Land of Silence and Darkness(1971) was Herzog’s first feature-length documentary (his previous feature, Fata Morgana [1971] begs to be classed as a metaphysical documentary, but by Herzog’s daffy description, is sci-fi). The subject matter, the struggle for human communication, is such a natural for Herzog that in some ways the film is quintessential early Herzog. It follows Fini Straubinger, a leader of, and advocate for, the deaf and blind in Germany, through a life of constant activity, entertaining and visiting people without sight or hearing. But the narrator tells us that after she first lost her sight and hearing in a fall down stairs, she was bed-ridden for seventeen years. The tremendous drive and will that enabled her, finally, to rise from her bed is now channeled into the almost obsessive drive to communicate that is the implicit subject of the film, or at least its central mystery and driving force.

Land of Silence and Darkness
Land of Silence and Darkness

Herzog seems determined to share her point of view: the film’s opening shot, a distorted black and white image of clouds above a road anticipates her later account of a dream describing her memories from when she could see and hear.
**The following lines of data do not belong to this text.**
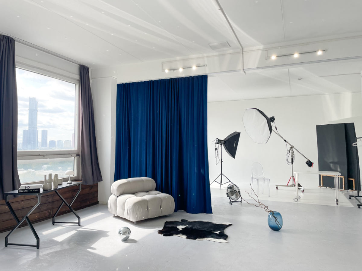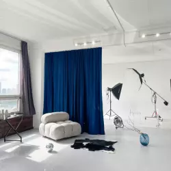 Просторное помещение с высокими потолками, панорамными окнами, неоновой подсветкой и блэк-аут шторами для полного контроля над светом. Уютная зона отдыха и удобное расположение сделают процесс съемки комфортным.
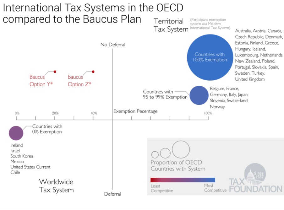 - El escenario opuesto es el del sistema tributario global, vigente en Irlanda, Israel, Corea del Sur, México, Chile… y Estados Unidos. En estos casos, los beneficios logrados fuera del país no solamente pagan los impuestos correspondientes allí donde se han generado, sino que también son sujetos a una segunda obligación fiscal cuando son repatriados a la matriz.
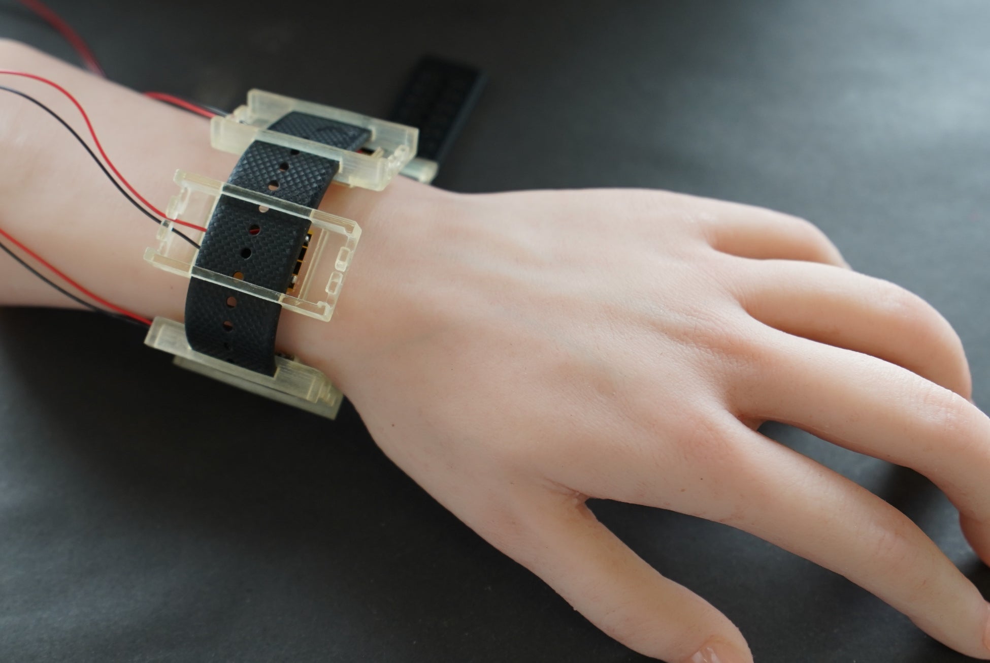 触覚デバイスと触覚信号編集技術を組み合わせることで、幅広い周波数帯域の触覚信号を体験できるため、指先で触れる操作や握手などの触覚情報を手首で計測し、相手側に伝えられるシステムです。
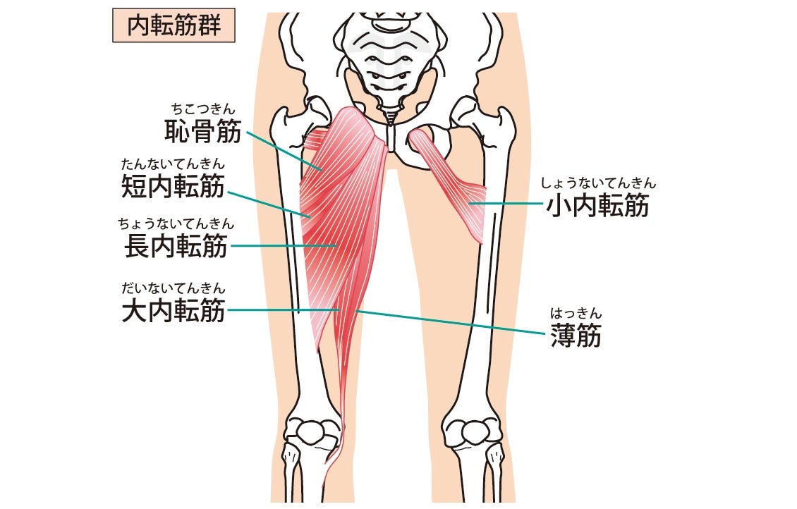 内転筋(ないてんきん)太ももの内側にある筋肉。大内転筋・長内転筋・短内転筋・薄筋・恥骨筋の5つの筋肉で構成されており、「内転筋群」と呼ばれます。
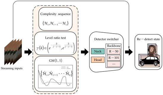 The streaming input updating switcher, where the GM (1, 1) is utilized to predict the future complexity of streaming inputs and is used as a basis for switching the backbone structure in the detector switcher and updating the re-detect state.

But the film’s ability to share her point of view is limited by a perverse tension inherent in trying to use film—a medium that communicates solely through the senses of sound and sight—to examine people who can neither see nor hear.

Lacking words, Fini communicates with others and perceives the external world through touch. The film describes a touch alphabet, in which different types of touches express verbal symbols. But the most telling communication in the film comes from touches that create a sensory sharing more immediate and less ordered than language.